Example: In right triangle ABC, legs are 3 and 4. Find hypotenuse.

  1. Given: Legs = 3, 4
  2. Theorem: Pythagorean theorem
  3. Calculation: c = √(3² + 4²) = √25 = 5
  4. Answer: 5

Common variations:

  • Find hypotenuse using Pythagorean theorem
  • Find leg using Pythagorean theorem
  • Find side using special right triangles
  • Find side using similarity

Area Problems

Recognition: Questions asking for triangle area Template:

  1. Identify base and height
  2. Use area formula
  3. Calculate area
  4. Check answer

Example: Triangle with base 6 and height 4. Find area.

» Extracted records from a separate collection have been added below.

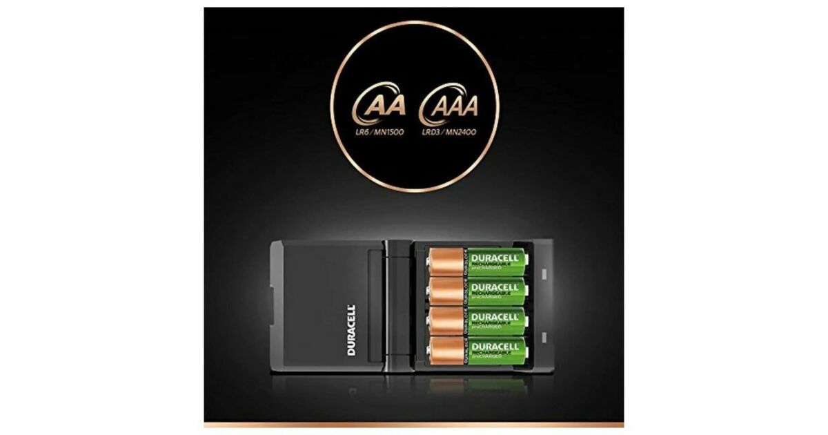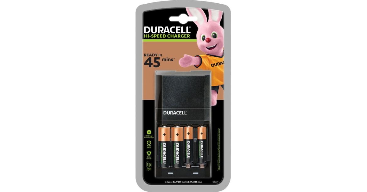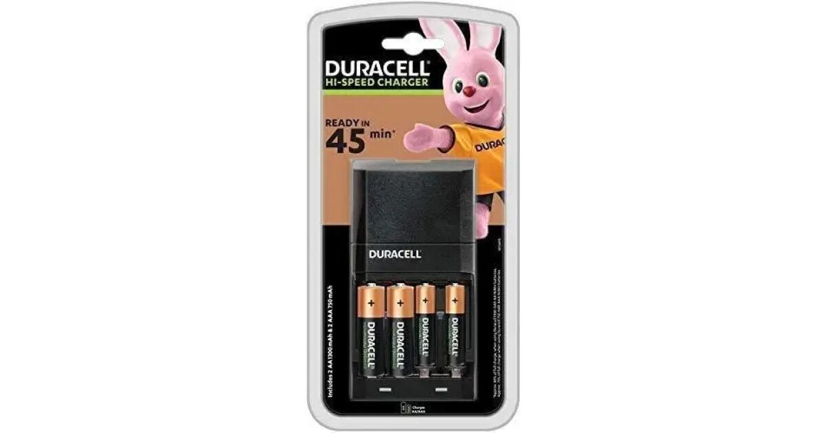Ładowarka Duracell Hi-Speed z 4 bateriami AA/AAA - Szybkie i bezpieczne ładowanie ⚡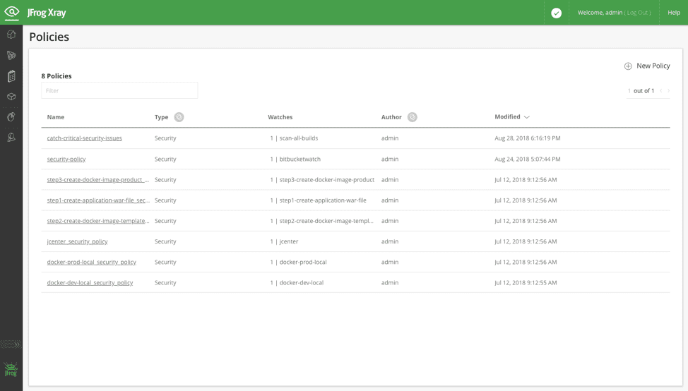 With JFrog Xray you can create policies to provide visibility or control of the flow of packages through your pipelines.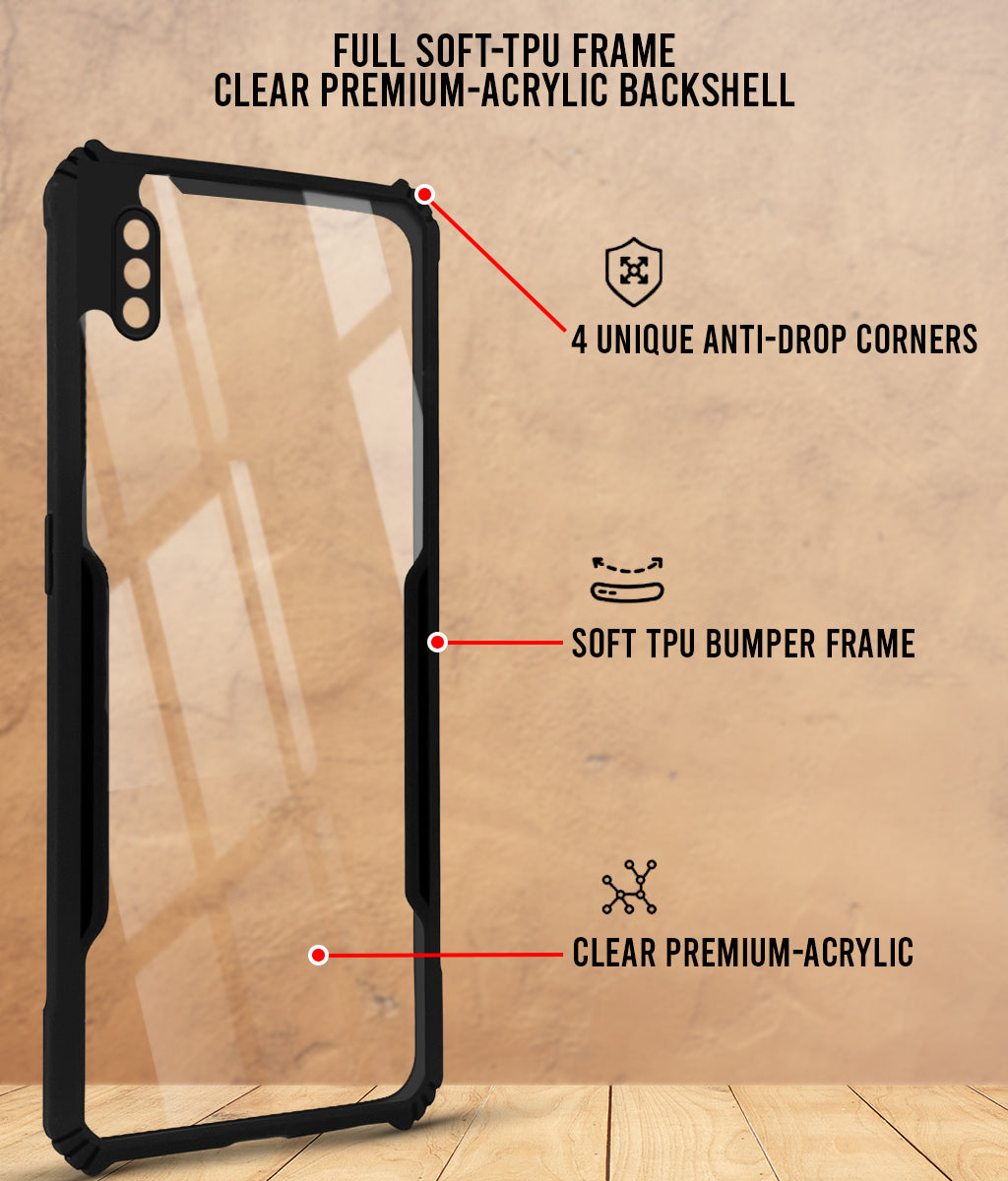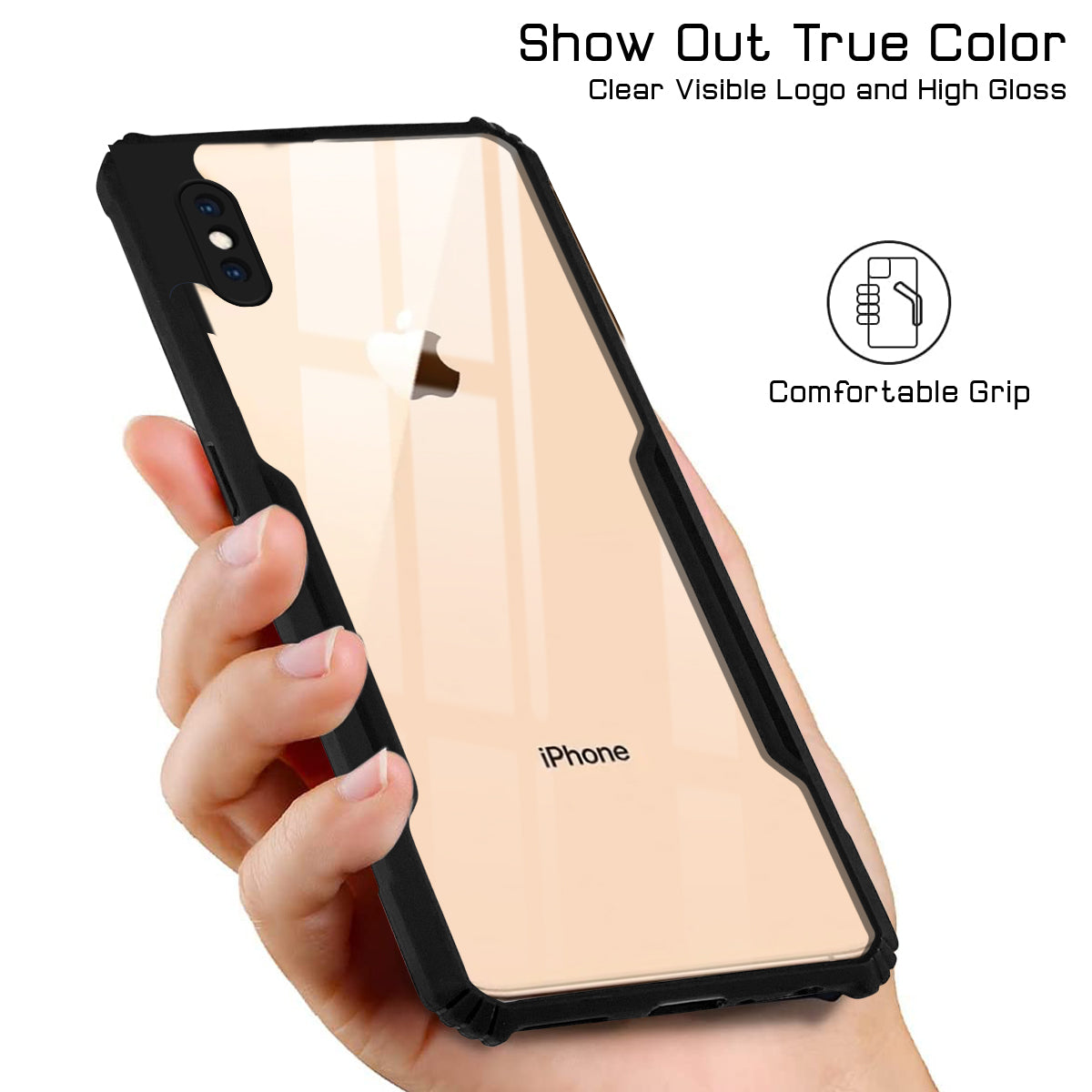 For Apple iPhone Xs Max Back Cover Case ( Shockproof with Polycarbonate Clear Panel | Professional Black)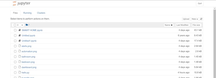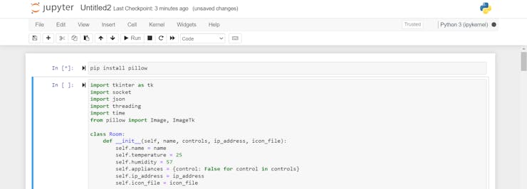 In the Jupyter Notebook interface, click on "New" and select "Python 3". In the new notebook, copy and paste the entire Smart Home Dashboard code we developed earlier. Save the notebook with a name like "SmartHomeDashboard.ipynb".

  1. Given: Base = 6, height = 4
  2. Formula: A = (1/2) × base × height
  3. Calculation: A = (1/2) × 6 × 4 = 12
  4. Answer: 12

Common variations:

  • Find area using base and height
  • Find area using Heron’s formula
  • Find area using coordinates
  • Find area using similarity

Quadrilateral Problems

Rectangle Problems

Recognition: Questions about rectangles Template:

  1. Identify given information
  2. Use rectangle properties
  3. Apply appropriate formula
  4. Calculate result

Example: Rectangle has length 6 and width 4. Find area and perimeter.

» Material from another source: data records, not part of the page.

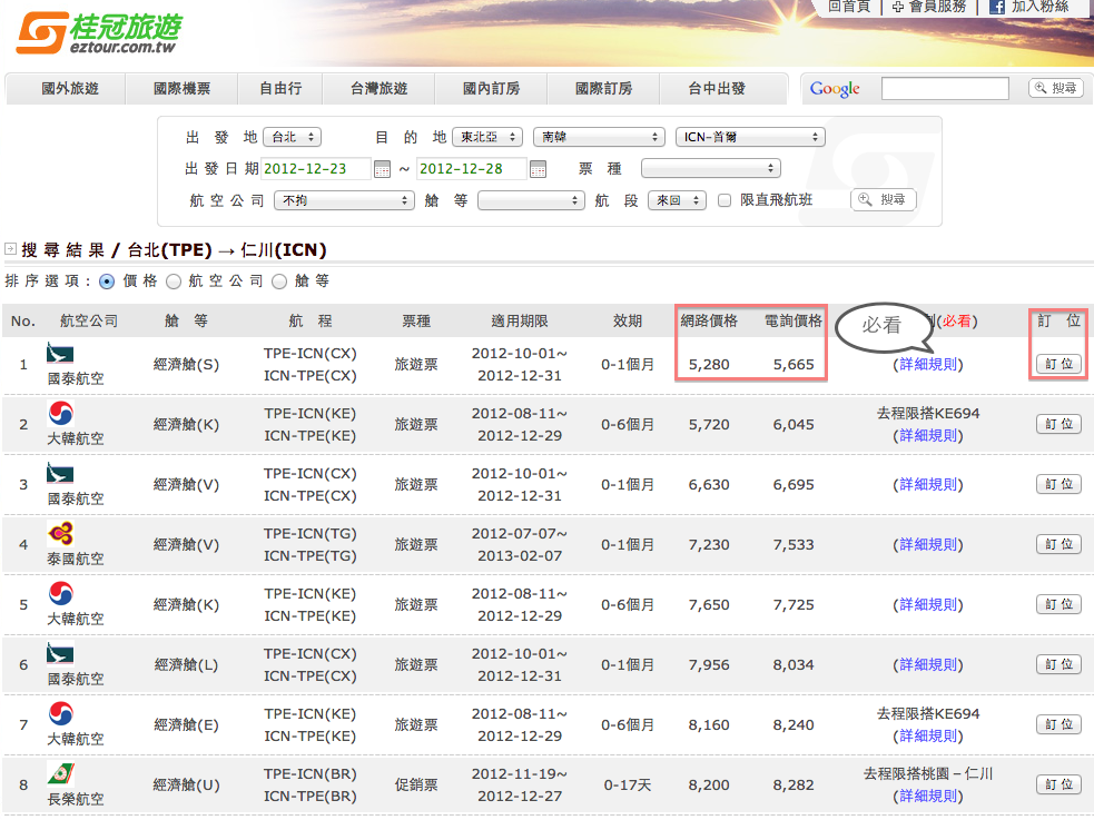 選好出發、回程日期、機場之後就可以進入搜尋囉,我都是依照價格排序。網路價格和電話詢問價格都有些差異,大家可以參考看看。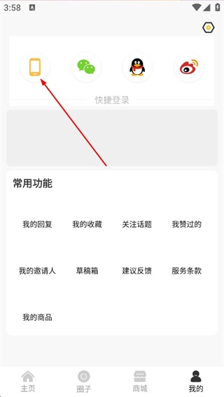 在个人页面里,点击手机图标,就能进入验证码登录界面。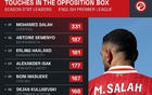 萨拉赫本赛季英超对方禁区内触球331次,比其他人多至少144次

  1. Given: Length = 6, width = 4
  2. Properties: Opposite sides equal, four right angles
  3. Formulas: A = l × w, P = 2(l + w)
  4. Calculations: A = 6 × 4 = 24, P = 2(6 + 4) = 20
  5. Answer: Area = 24, Perimeter = 20

Common variations:

  • Find area and perimeter
  • Find missing dimension
  • Find diagonal length
  • Find area using coordinates

Square Problems

Recognition: Questions about squares Template:

  1. Identify given information
  2. Use square properties
  3. Apply appropriate formula
  4. Calculate result

Example: Square has side 5. Find area and perimeter.

  1. Given: Side = 5
  2. Properties: All sides equal, four right angles
  3. Formulas: A = s², P = 4s
  4. Calculations: A = 5² = 25, P = 4 × 5 = 20
  5. Answer: Area = 25, Perimeter = 20

Common variations:

  • Find area and perimeter
  • Find side length from area
  • Find diagonal length
  • Find area using coordinates

Parallelogram Problems

Recognition: Questions about parallelograms Template:

  1. Identify given information
  2. Use parallelogram properties
  3. Apply appropriate formula
  4. Calculate result

Example: Parallelogram has base 8 and height 5. Find area.

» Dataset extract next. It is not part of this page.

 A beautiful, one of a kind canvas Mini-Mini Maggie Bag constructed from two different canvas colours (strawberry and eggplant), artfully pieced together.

  1. Given: Base = 8, height = 5
  2. Properties: Opposite sides equal and parallel
  3. Formula: A = base × height
  4. Calculation: A = 8 × 5 = 40
  5. Answer: 40

Common variations:

  • Find area using base and height
  • Find missing dimension
  • Find angle measures
  • Find area using coordinates

Trapezoid Problems

Recognition: Questions about trapezoids Template:

  1. Identify given information
  2. Use trapezoid properties
  3. Apply appropriate formula
  4. Calculate result

Example: Trapezoid has bases 6 and 10, height 4. Find area.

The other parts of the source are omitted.